Cette hypothèse a été tellement médiatisée malgré les critiques des chercheurs et des universitaires qu'un groupe international de spécialistes a pris la peine de créer un site internet pour centraliser les arguments démontrant que cette hypothèse est mal étayée[2].
Sommaire
Méthodes et critiques
Cette thèse fut élaborée à partir de l'étude d'anciennes cartes maritimes italiennes et portugaises antérieures aux voyages de Christophe Colomb et montrant des îles et territoires inconnus des Européens à cette époque, interprétés généralement par les historiens comme des îles imaginaires. L'auteur affirme que ces territoires correspondent bel et bien à des terres réelles, contredisant l'explication généralement admise. Cette thèse est toutefois très controversée, en raison non de leur situation géographique mais de la différence d'orientation lors de leur copie sur les portulan, oubliant les erreurs commises par les moines copistes et le fait que bien que connaissant parfaitement l'usage de la boussole, les cartes de navigation chinoise du temps de Zheng He se déroulaient comme des rouleaux et n'indiquaient pas les changements de cap[5].
Menzies soutient ainsi que la sixième expédition de Zheng He se serait scindée en plusieurs escadres qui auraient dépassé le cap de Bonne-Espérance, navigué sur la côte occidentale de l'Afrique, fait le tour de l'Australie, dépassé le cap Horn, accosté sur la côte Atlantique de l'Amérique du Nord, certaines s'étant échouées sur les récifs des Caraïbes, notamment à Bimini lors d'une tempête tropicale ayant gravement endommagé sept des navires trésor et dont les rescapés bâtirent une rampe de lancement de 400 m de long, constituée des blocs de lest en béton hydraulique pour remettre le moins endommagé à flot avant de reprendre le cap vers le Groenland, abandonnant une partie de l'équipage surnuméraire à chaque escale, etc. Pour justifier l'absence de sources chinoises sur ces découvertes, Menzies s'appuie sur la destruction des archives de l'ensemble des expéditions à la fin du XVe siècle.
Nombre de récifs identifiés comme des lieux de naufrage à proximité des ethnies se prétendant descendantes de naufragés chinois, notamment en Afrique et dans les Caraïbes, portent le nom de Changa traduisible par récif.
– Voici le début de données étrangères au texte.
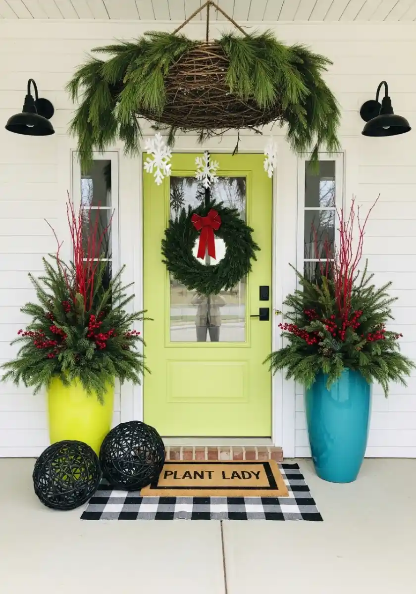 A citron door sets a playful tone and the planters match the confidence. One teal and one chartreuse pot explode with evergreens, red dogwood twigs, and berries. Overhead, a giant grapevine basket stuffed with pine hangs like a natural chandelier, with a few paper snowflakes drifting below.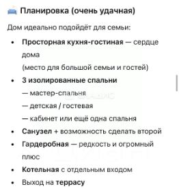 Кирпичный дом с утеплениемВысота потолков 3,3 мТёплый пол по всему дому, кроме спаленПанорамные окнаПродуманная семейная планировкаКачественная инженерия и электрика

Étonnamment proches phonétiquement du cantonnais Shanghai, signifiant Sur l'eau.
La plupart des experts des différentes civilisations chinoises, d'Amérique précolombienne, des aborigènes d'Australie ou du Grand nord ont réfuté ces thèses[5] et plusieurs cartographes ont indiqué que les cartes sur lesquelles Gavin Menzies s'appuyait ne sont pas authentiques et quelques-unes étant même des faux grossiers[5]. Ainsi, selon Peter van der Krogt, géographe de l'université d'Utrecht, la carte dite « de Liu Gang » est « au mieux une carte dessinée en 1763 d'après une carte européenne moderne » ou « un faux fabriqué au XXIe siècle »[3]. D'autres hypothèses avancées par Menzies sont contredites par les travaux de chercheurs. Ainsi, il soutient que les anneaux de pierre trouvés près des côtes de Californie proviennent des ancres des jonques de Zheng He. Le fait qu'il s'agit bien d'ancres chinoises n’a pas été infirmé (de nombreuses jonques chinoises naviguaient dans la zone au XIXe siècle), en revanche il a été démontré que celles-ci étaient fabriquées à partir de rocs californiens et non d'origine chinoise[6].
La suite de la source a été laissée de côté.